The main hypothesis specified before data collection was that intranasal oxytocin would increase trusting behaviours for those that had minimal social contact (referred to as "MSC" in the figures). However, after analysing the data there was no support for this result.

It is typically difficult to interpret a non-significant result, other than a failure to reject the null hypothesis, when using conventional null hypothesis significance testing. This is because there's no way to tell from a p-value alone whether a non-significant result supports the absence of a meaningful hypothesis or is due to an underpowered study.

There are two emerging approaches for understanding non-signifiant results. Equivalence testing provides a means to reject an effect size that is practically or theoretically meaningless (see this paper for an example of equivalence testing in oxytocin research). Bayesian hypothesis testing provides a test of the relative evidence for two competing hypotheses—such as a null and alternative hypothesis. One appeal of Bayesian hypothesis testing is that it provides an easy-to-interpret result—how much more evidence is there for one hypothesis over another?

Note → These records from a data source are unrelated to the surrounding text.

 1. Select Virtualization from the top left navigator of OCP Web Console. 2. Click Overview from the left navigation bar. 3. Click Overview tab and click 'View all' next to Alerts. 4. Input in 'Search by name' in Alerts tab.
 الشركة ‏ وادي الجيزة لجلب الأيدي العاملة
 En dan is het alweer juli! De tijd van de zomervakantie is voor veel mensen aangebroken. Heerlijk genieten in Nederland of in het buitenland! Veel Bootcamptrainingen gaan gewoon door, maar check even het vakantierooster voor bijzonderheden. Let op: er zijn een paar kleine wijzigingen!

In this study, the authors used Bayesian hypothesis testing. For the main hypothesis that oxytocin increases trust in the minimal contact condition, there was over ten times more evidence for a null model relative to an alternative model. This is fairly convincing evidence for the null hypothesis, and the kind of information you can’t glean from a non-significant p-value.


There's a wide spectrum how of much individuals trust other people. This is reflected in the data when you look at the behaviour of those administered placebo, as some investors kept all of their money, while others gave everything they had to the steward, expecting a return.

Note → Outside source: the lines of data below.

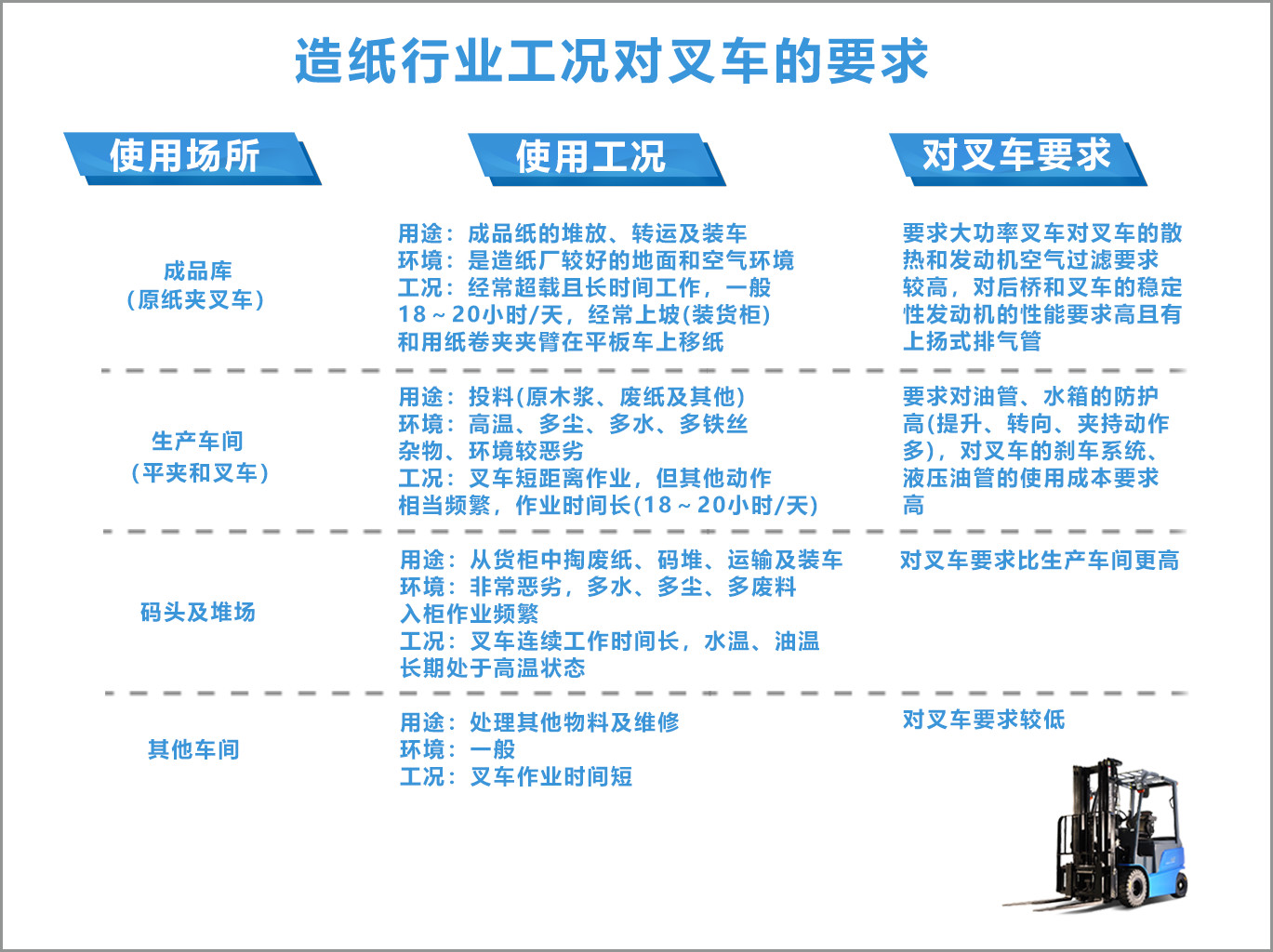 眾所周知,叉車在造紙業(yè)的運(yùn)輸環(huán)節(jié)中有著重要使命,其涉及到的環(huán)節(jié)包括廢紙、木漿、輔料倉(cāng)庫(kù)的裝卸和拖運(yùn)以及成品的裝車出貨等。除了工況繁重外,造紙行業(yè)的生產(chǎn)特性還要求叉車具備動(dòng)力強(qiáng)、穩(wěn)定性強(qiáng)等多種能力。
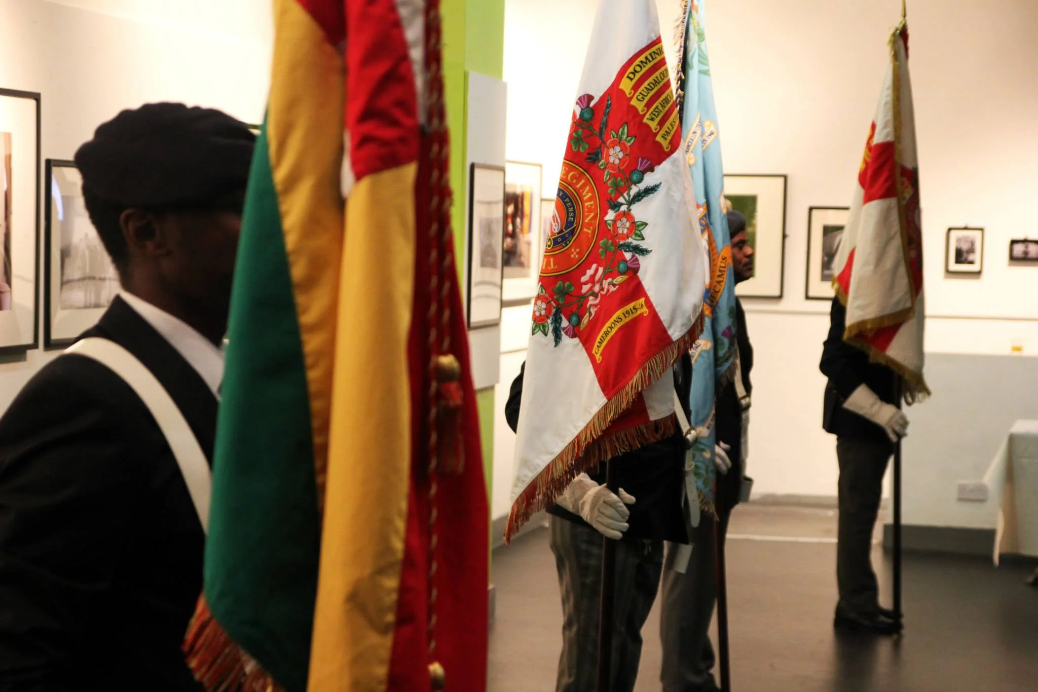 Portrait sitters and project participants leading a procession through the gallery space with battle standards, before presenting their censored history to the audience - in their own words.
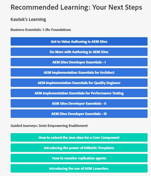 Similarly the following link has grouped articles but still its information overload with no set of articles to show as to what is needed to call myself AEM ready
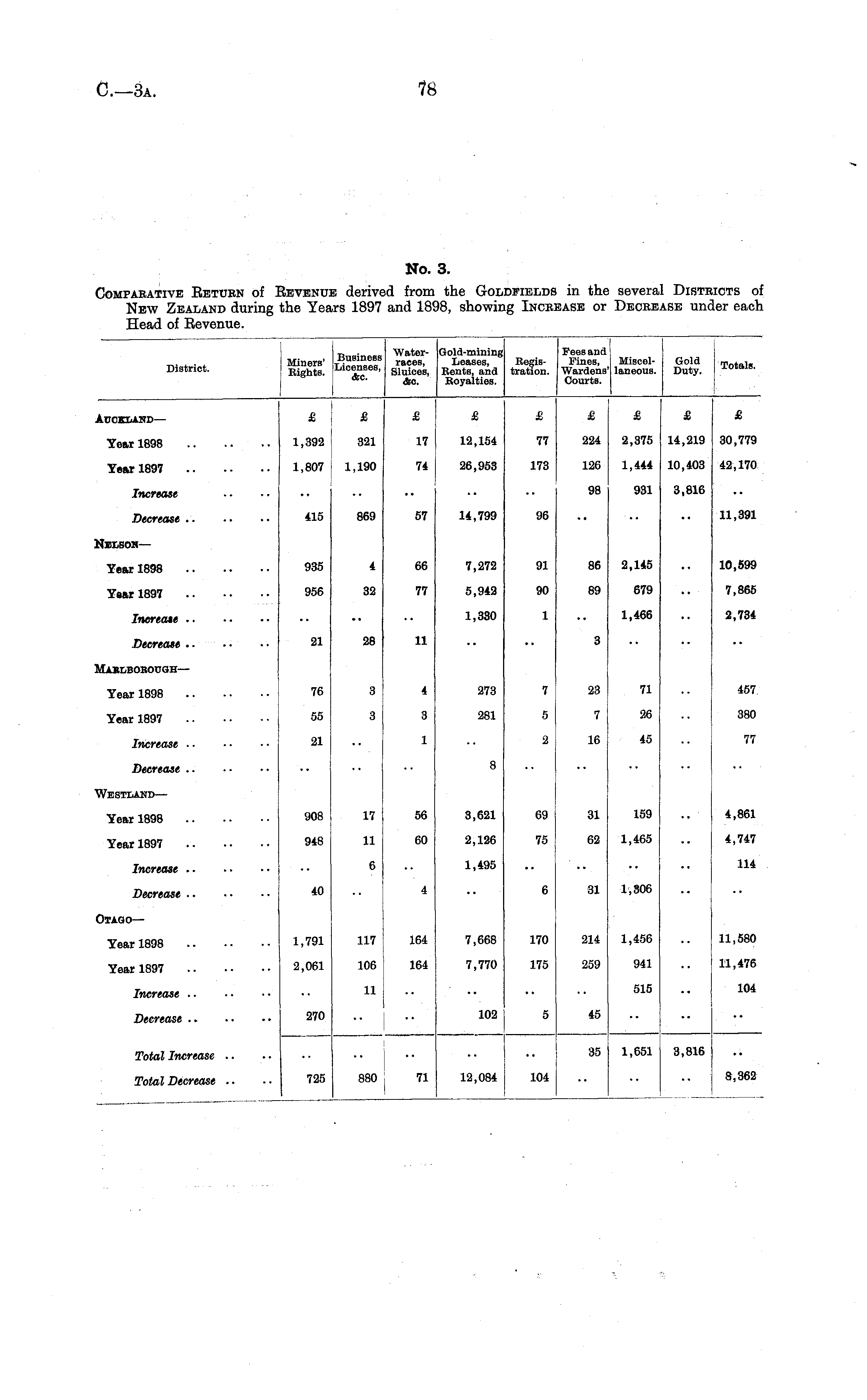 No. 3. Comparative Return of Revenue derived from the Goldfields in the several Districts of New Zealand during the Years 1897 and 1898, showing Increase or Decrease under each Head of Revenue.

Around two weeks before the actual experiment, participants filled out a series of online questionnaires, which included a measure of their trust disposition. As shown on the right panel of the image below, over 50% of investments from those with a high disposition to trust were at the €12 limit—they simply couldn't invest more money.

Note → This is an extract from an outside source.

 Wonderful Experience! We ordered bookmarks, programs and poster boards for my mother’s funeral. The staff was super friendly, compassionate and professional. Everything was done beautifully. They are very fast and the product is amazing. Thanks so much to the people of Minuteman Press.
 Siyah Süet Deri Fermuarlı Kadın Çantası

An exploratory analysis of the data revealed that that individuals with a low trust disposition who had no contact with other players before the decision-making game (referred to as the "NoC" group in the figures) behaved in a more trusting manner after oxytocin treatment.

The fact that people with a low disposition to trust ended up investing more money is plausible. However, this was not in the original analysis plan proposed at Stage 1. The analysis only became apparent when looking at the data, which revealed ceiling effects in terms of how participants behaved.

As this result was explicitly labelled as an exploratory finding, this provides a healthy dose of skepticism as to whether this finding will replicate. But it also provides a clear path forward for future research. This result is also a reminder that you're free to report exploratory analysis in Registered Reports, but you just need to label them as such.


Low sample sizes and a lack of transparency have been a considerable issue for intranasal oxytocin research. This study provides an example as a way forward for the field to increase trust in its findings. The data is publicly available, which means the results can be verified. A specific hypothesis and analysis plan was specified before data collection, which is crucial for the replication of results. There was also a means to falsify the hypotheses.

Oxytocin is a complex hormone that we’re only beginning to understand, despite the discovery of its effects over century ago. To be honest, I’m half-expecting a few lazy tweets declaring that this study heralds the demise of intranasal oxytocin research. But as the authors state, the results only have implications for the general hypothesis that intranasal oxytocin increases trust, not other areas of social cognition. In fact, increasing evidence suggests that its psychological effects are not even exclusive to social cognition, but that it’s also involved in non-social cognition.

Improving research practices in the field, as demonstrated by this study, will help researchers more quickly understand the role of oxytocin in physiology and behaviour and save resources by limiting the pursuit of hypotheses that are likely to be dead ends.